Task item →
The pictures in the listing below are to be skipped, while the lines between the line holding "PALLET CONTAINING ASSORTED" and the line holding "как выглядит Levis", inclusive, are to be output exactly.
BEGIN Supplied information
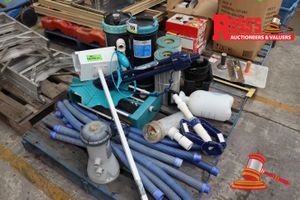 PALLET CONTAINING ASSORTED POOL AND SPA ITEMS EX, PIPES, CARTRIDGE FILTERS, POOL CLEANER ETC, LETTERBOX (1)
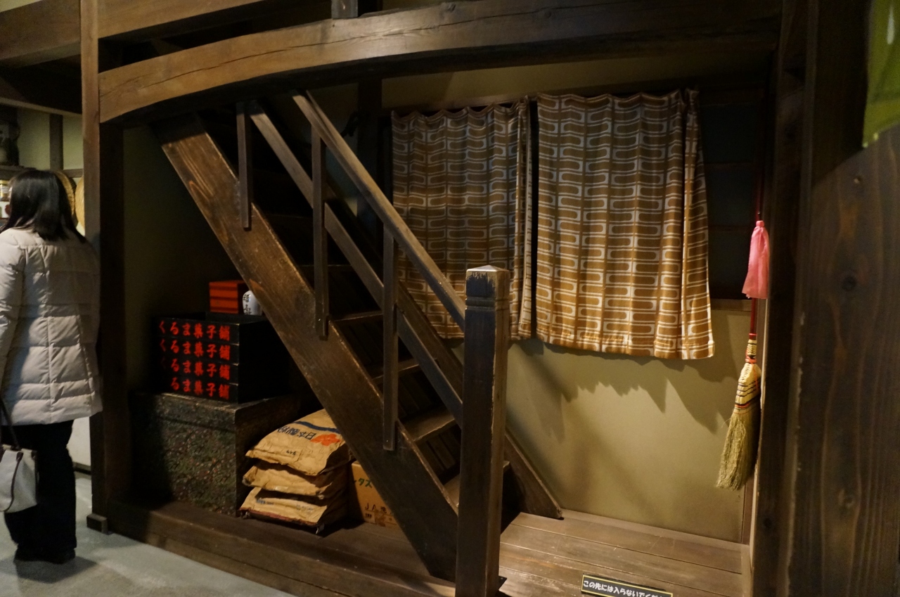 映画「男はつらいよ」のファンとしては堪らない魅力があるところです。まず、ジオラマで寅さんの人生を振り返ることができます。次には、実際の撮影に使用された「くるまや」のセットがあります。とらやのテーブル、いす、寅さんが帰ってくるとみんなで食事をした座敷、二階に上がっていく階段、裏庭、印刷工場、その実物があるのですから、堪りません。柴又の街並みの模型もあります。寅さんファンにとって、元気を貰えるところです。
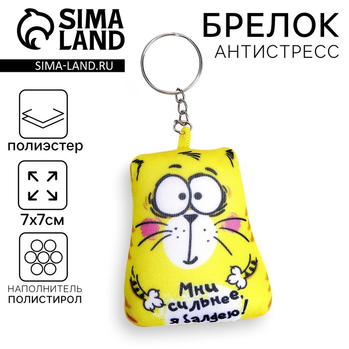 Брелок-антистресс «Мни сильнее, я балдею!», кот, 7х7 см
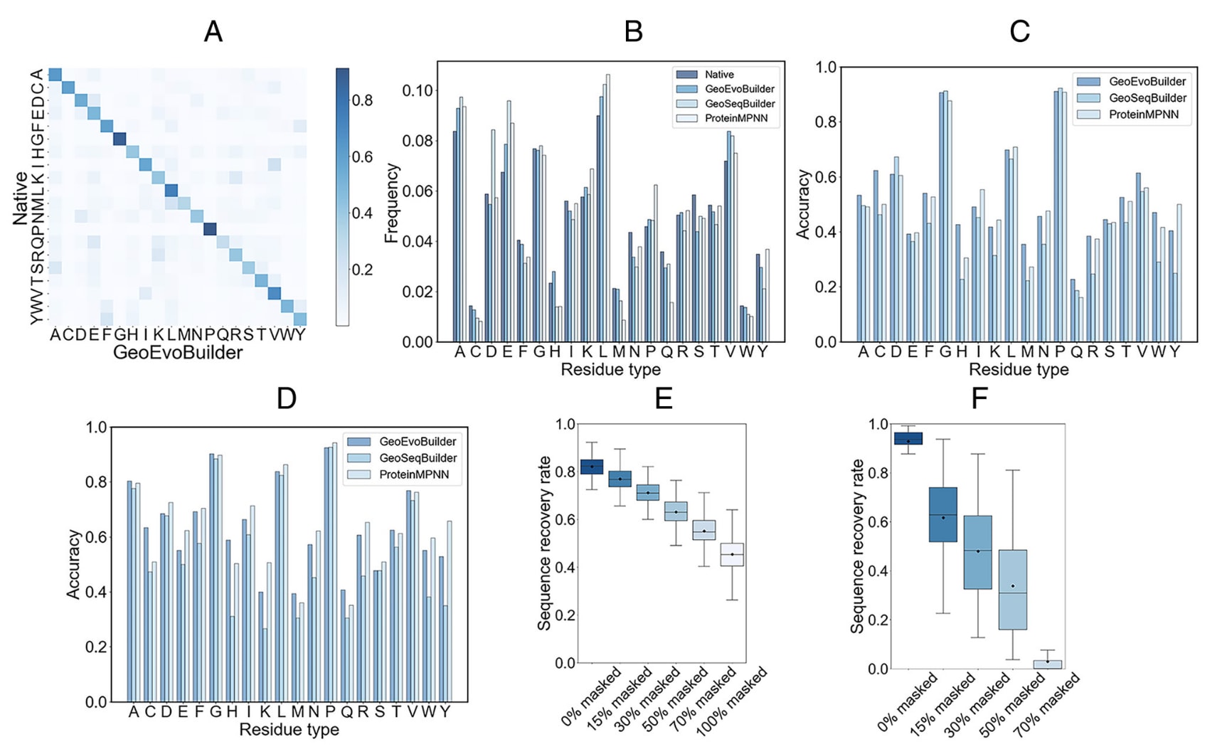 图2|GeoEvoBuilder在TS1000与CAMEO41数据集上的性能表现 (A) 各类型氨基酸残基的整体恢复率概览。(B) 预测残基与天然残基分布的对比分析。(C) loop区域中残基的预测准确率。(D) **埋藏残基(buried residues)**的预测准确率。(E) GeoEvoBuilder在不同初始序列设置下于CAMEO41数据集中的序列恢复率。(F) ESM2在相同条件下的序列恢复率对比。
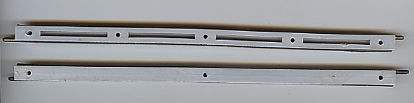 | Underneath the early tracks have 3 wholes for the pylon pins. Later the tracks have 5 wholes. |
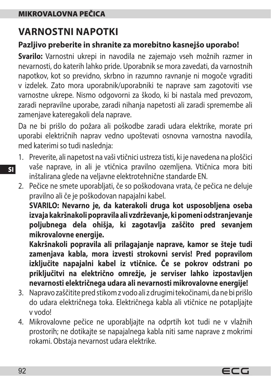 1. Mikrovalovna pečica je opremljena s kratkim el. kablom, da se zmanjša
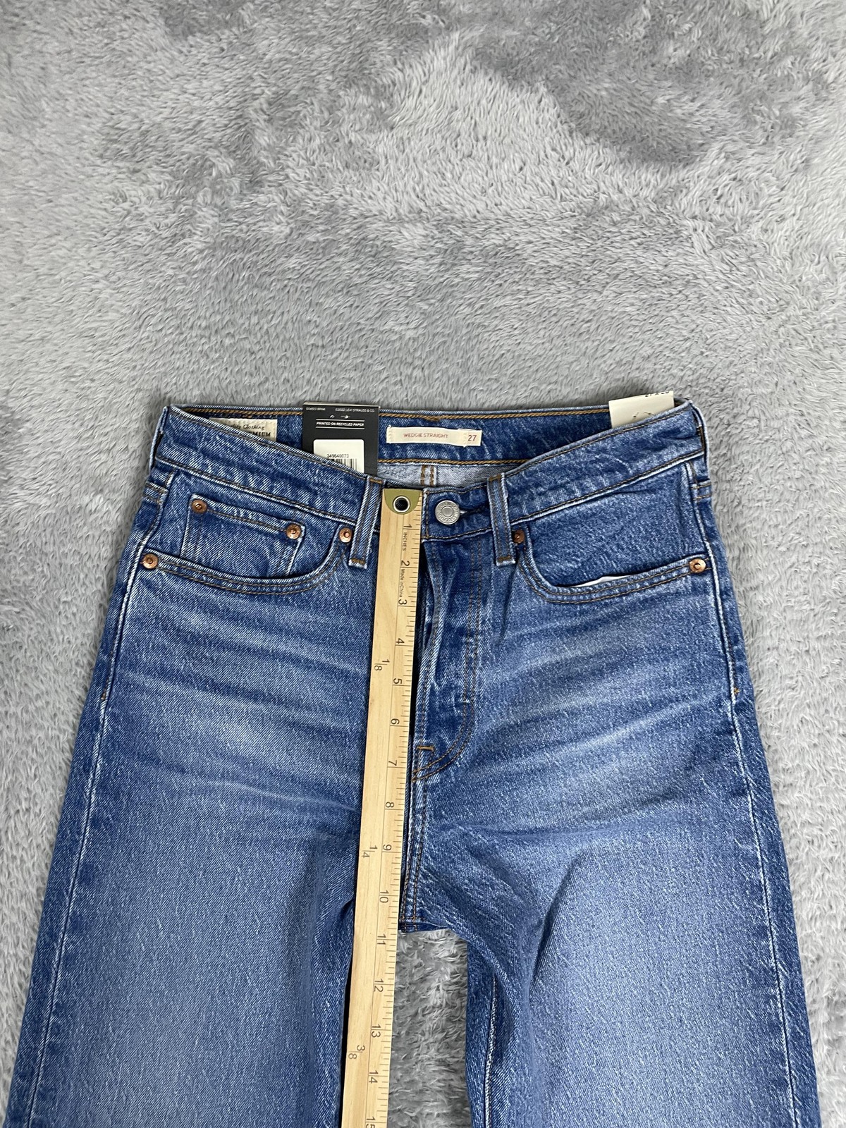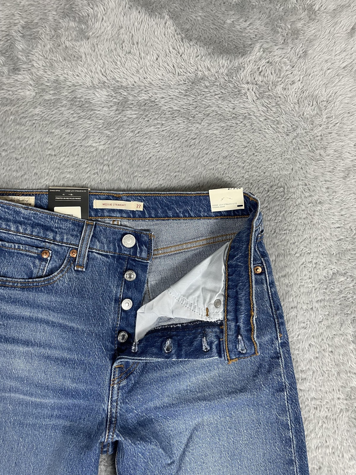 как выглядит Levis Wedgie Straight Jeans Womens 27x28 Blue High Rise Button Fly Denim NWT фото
END Supplied information
BEGIN Supplied information
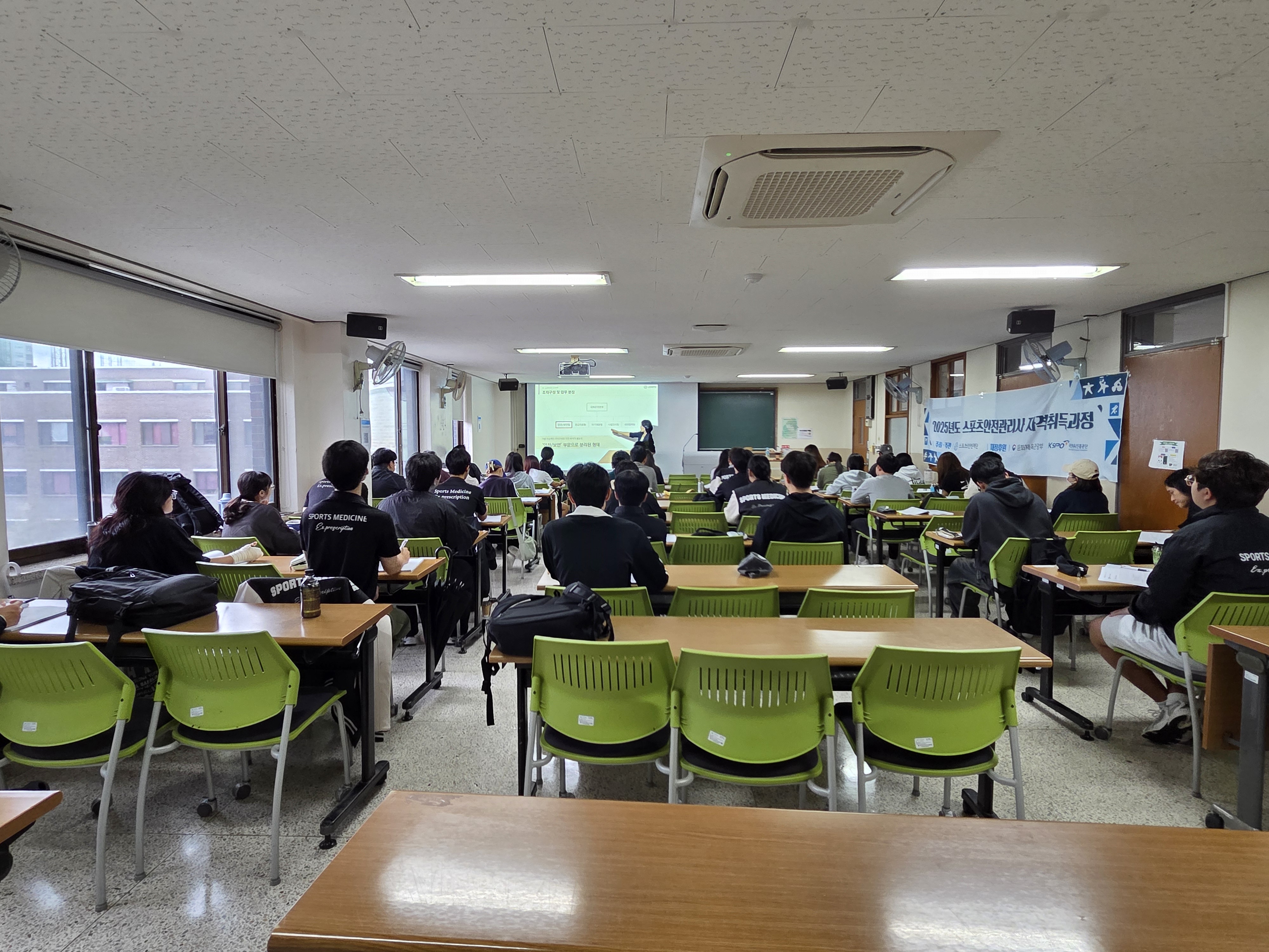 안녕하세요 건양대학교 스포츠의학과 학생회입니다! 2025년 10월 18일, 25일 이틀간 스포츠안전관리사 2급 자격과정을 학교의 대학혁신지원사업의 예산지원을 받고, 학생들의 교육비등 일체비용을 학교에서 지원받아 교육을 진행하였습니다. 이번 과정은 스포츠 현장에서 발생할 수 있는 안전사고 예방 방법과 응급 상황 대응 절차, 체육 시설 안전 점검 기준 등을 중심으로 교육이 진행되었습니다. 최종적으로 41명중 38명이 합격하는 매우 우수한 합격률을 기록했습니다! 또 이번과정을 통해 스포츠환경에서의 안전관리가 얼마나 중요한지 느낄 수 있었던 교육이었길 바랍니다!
END Supplied information
Reply to the exercise →
 PALLET CONTAINING ASSORTED POOL AND SPA ITEMS EX, PIPES, CARTRIDGE FILTERS, POOL CLEANER ETC, LETTERBOX (1)
 映画「男はつらいよ」のファンとしては堪らない魅力があるところです。まず、ジオラマで寅さんの人生を振り返ることができます。次には、実際の撮影に使用された「くるまや」のセットがあります。とらやのテーブル、いす、寅さんが帰ってくるとみんなで食事をした座敷、二階に上がっていく階段、裏庭、印刷工場、その実物があるのですから、堪りません。柴又の街並みの模型もあります。寅さんファンにとって、元気を貰えるところです。
 Брелок-антистресс «Мни сильнее, я балдею!», кот, 7х7 см
 图2|GeoEvoBuilder在TS1000与CAMEO41数据集上的性能表现 (A) 各类型氨基酸残基的整体恢复率概览。(B) 预测残基与天然残基分布的对比分析。(C) loop区域中残基的预测准确率。(D) **埋藏残基(buried residues)**的预测准确率。(E) GeoEvoBuilder在不同初始序列设置下于CAMEO41数据集中的序列恢复率。(F) ESM2在相同条件下的序列恢复率对比。
 | Underneath the early tracks have 3 wholes for the pylon pins. Later the tracks have 5 wholes. |
 1. Mikrovalovna pečica je opremljena s kratkim el. kablom, da se zmanjša
 как выглядит Levis Wedgie Straight Jeans Womens 27x28 Blue High Rise Button Fly Denim NWT фото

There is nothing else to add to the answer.